Raleigh se empeña en la proeza. Llegar a Manoa le obsesiona. La inicia en 1595, encontrando previas noticias sobre El Dorado con un enviado suyo que antes visita a las Canarias y al llegar a Trinidad hace preso a su gobernador, Antonio de Berrío. Quema la ciudad. Los caciques de la isla le visitan y le hacen ver los tormentos que sufren a manos de los españoles y de los que este se aprovecha.
Berrío le habría comentado sobre las expediciones españolas de Pedro de Ursúa llegado desde Perú, Diego de Ordaz, Jerónimo de Ortal, entre otros, y le habla de los Guayanas, de las estatuas que construían y sus armaduras de oro y plata, advirtiéndole, no obstante, sobre las miserias que le esperaban.
“El imperio de Guayana” está destinado para la nación inglesa, se dice Raleigh. Y en eso trabaja y por ello muere. Su razonamiento es que, si la pobre monarquía española se convirtió en gran potencia, Inglaterra podría hallar mayores recursos en Guayana, por poseer más oro que el resto del Nuevo Mundo.
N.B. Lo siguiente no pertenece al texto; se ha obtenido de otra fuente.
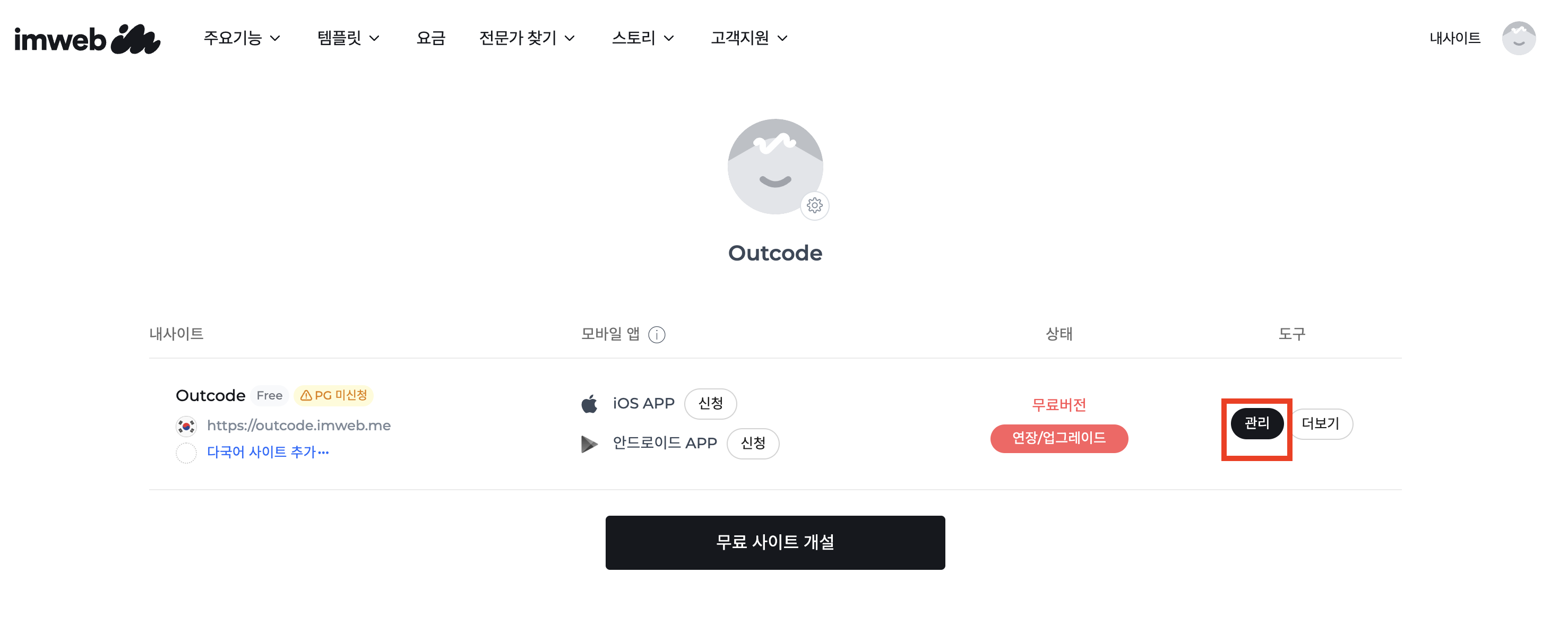 사이트 목록에서 연동을 원하는 사이트 항목의 관리 버튼을 눌러 대시보드로 이동합니다.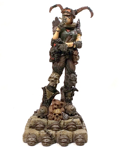 What does $350 buy you in the world of collectible sculptures? A lot if it's TriForce's Gears of War Marcus Fenix Bust, a bust aptly branded as "Epic Scale". Measuring 32 inches tall from the tip of Marcus' extended Lancer assault rifle to the bottom of his detailed COG base, this towering 14 pound bust is more akin to a statue in size and weight. However, it is the eerily life-like sculpt that firmly plants this piece on our list. Using a silicon-like material, TriForce has transformed a digitally rendered character into amazing 3D life, Marcus' stern, determined expression fully realized with realistic wrinkles, pits and scars.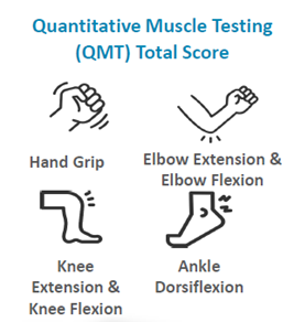 QMT,全称为quantitative muscle testing,使用测力计等设备,测试包括手、肘、膝盖和脚踝多个肌群的肌肉力量,数值越大越好。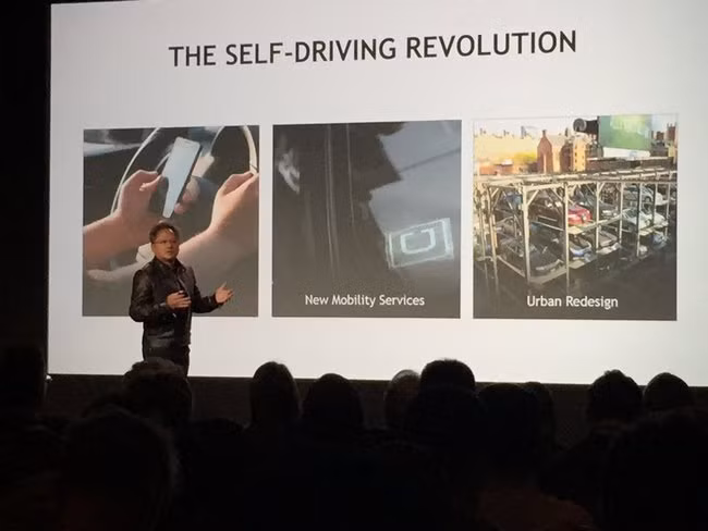 Xuất hiện trên sân khấu triển lãm CES 2016 chính là Tổng giám đốc Jenn-Hsun Huang của Nvidia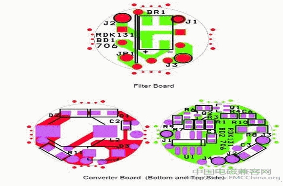 雖然該設(shè)計(jì)具有功能性,但仍存在傳導(dǎo)輻射問題。由于兩個(gè)PCB比較接近,開關(guān)電流會(huì)從轉(zhuǎn)換器電路板耦合到EMI濾波器電路板,從而降低EMI濾波器的性能。通過(guò)在這兩個(gè)電路板之間放置“屏蔽”PCB,這一問題便得以解決。而第三個(gè)電路板只是一層銅,并無(wú)電路。它被電氣連接到EMI濾波器負(fù)輸出端與轉(zhuǎn)換器負(fù)輸入端的接合處。這樣,總裝便由三個(gè)疊加在一起的圓形電路板組成。增加第三個(gè)電路板既簡(jiǎn)單又節(jié)省成本,不但解決了耦合問題,還達(dá)到了EMI性能要求。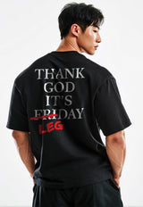 MTP17 kaos oversize gym gambar punggung belakang gymbro binaraga Thank God It's Leg Day hitam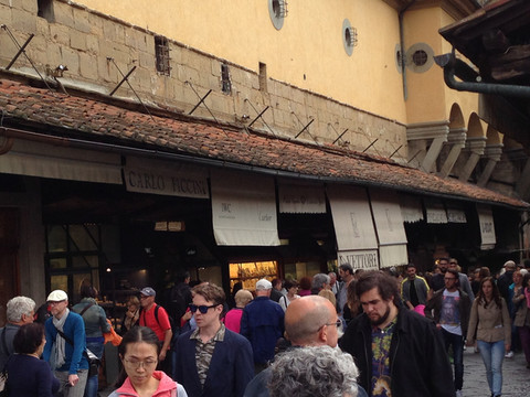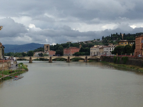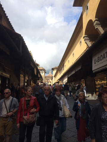 按照房东的建议,我们没有直接开车,直接乘有轨电车进入老城区,佛罗伦萨刚刚醒来,街上人还很少,步行几分钟就到已有700年历史的老桥。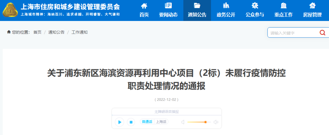 近日,浦东新区海滨资源再利用中心项目(2标)在疫情防控中落实主体责任措施不力,导致工地产生多例阳性病例,造成社会严重不良影响,依据《关于进一步加强本市建筑工程疫情防控工作的通知》(沪建质安﹝2022﹞184号)等疫情防控相关要求,现对相关处理情况作以下通报:

Se le acusará de complicidad con España y hasta se le condena a muerte, pero se le suspende, permitiéndosele organizar otra expedición en 1617. Insiste en llegar a esas áreas vírgenes de las que supo cuando recaló en el Puerto de los Españoles o Puerto España. Y después de un oneroso esfuerzo para trasvasar las venas del delta del grande Orinoco recala allí donde divisa “una montaña de color oro y otra de cristal parecida a una torre perdida en las nubes y de la que se desprende un río con terrible clamor, como si mil campanas tocasen a un tiempo”, escribe en su relación. Vio, efectivamente el Salto del Ángel y acaso el de la Llovizna: “río de aguas rojas del cual se puede beber agua a mediodía” y saltos que caen con tanta furia que “el agua forma como una columna de humo”. Allí se encontró – cree – con pueblos Ewaipanoma que llevan “ojos en los hombros, entre los cuales les nacen cabellos, y la boca en medio del pecho”.
Encontró a Topaiari, rey de Aromaia, que frisaba 110 años y quien le entrega su hijo, llevado a Londres. Antes le pide “indicarle los pasajes más fáciles para entrar en las áureas tierras de Guayana”. Le halaga su poder para diferenciarse de los españoles. Pero aquél le exige olvidar a su país, para que le evite males mayores.
Es el trecho que, pasados los siglos quiso culminar Schomburgk, quien inventando sobre sus mapas linderos que trasvasan hacia las profundidades de la actual Venezuela, descubre en 1837 una flor que llama Victoria Regis en el río Berbice. Será el símbolo inaugural del largo reinado victoriano.
Los sabios del pasado siglo, según lo refiere Núñez, hablaban de ese Dorado o Manoa como disparate geográfico. “La república también proscribe los mitos”, afirma. Sin embargo, en el Almirantazgo Británico es lo que pesa y lo que le anima desde cuando se inicia el litigio arbitral, apoyados en el romántico viaje de Raleigh.
Mallet-Prevost, abogado de la causa venezolana en el equipo de Estados Unidos que nos defendiera en París, cuyo memorándum póstumo hizo posible reactivar la reclamación tras el infamante Laudo, recuerda el peso que tuvo ese mito, el de El Dorado o Manoa, durante las sesiones del tribunal. El abogado británico, frustrado, no lograba ver sobre el mapa de Visscher a la vieja ciudad.
Entretanto, el general Guzmán Blanco busca cerrarle el paso a la delirante ambición británica. Le entrega antes al norteamericano Cyrenius Fitzgerald una gran extensión entre el Delta y el Esequibo que luego traspasa, extrañamente, a un inglés, a George Turnbull.